Waiters careen. Balanced trays
float at crazy angles through the tobacco smoke. Hats flash. Firecracker
voices explode. A guffaw dances across a smear of faces. Congo gleams,
college boy pallors, the smiles of black and white men and women
interlace. A spotlight shoots its long hypotenuse upon the floor. In its
drifting oval the entertainer, her shoulders back, her elbows out, her
fists clenched and her body twisting into slow patterns, bawls in a
terrifying soprano--
"If it waren't foh her powdah
And her stohe bought hair.
The man Ah love
Would not have gone nowhere--"
Listen for the tom-tom behind the hurrah.
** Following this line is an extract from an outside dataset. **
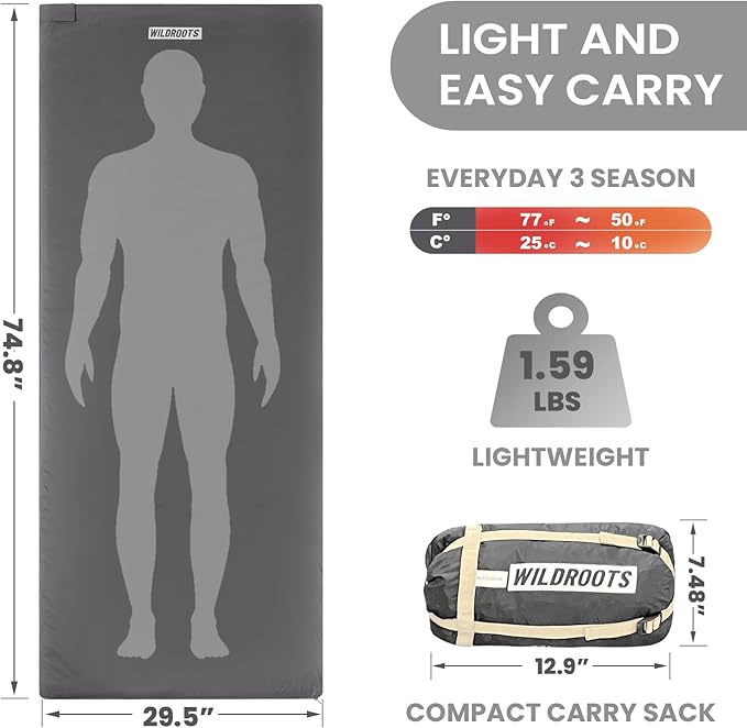 • Suitable for three seasons: Our high-quality sleeping bag is designed specifically for temperatures ranging from 50℉ to 68℉ (10℃ to 20℃). The double-layer filling technology will keep you warm and prevent moisture intrusion, allowing you to enjoy a comfortable sleep during hiking, outdoor camping, traveling, or any other outdoor activities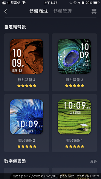 內建大概有將近 50 個錶盤,可以同步幾個存到手錶內替換

Watch for the torches of Kypris
and Corinth behind the glare of the tungstens. This is the immemorial
bacchanal lurching through the kaleidoscope of the centuries. Pan with a
bootlegger's grin and a checked suit. Dionysius with a saxophone to his
lips. And the dance of Paphos called now the shimmie.
Listen and watch and through the tumult, rising like a strange incense
from the smear of bodies, tables and waiters, will come the curious thing
that is never contained in the vice reports. The gleam of the devil
himself--the echo of some mystic cymbal note.
Later the music will let out a tinny blaze of sound.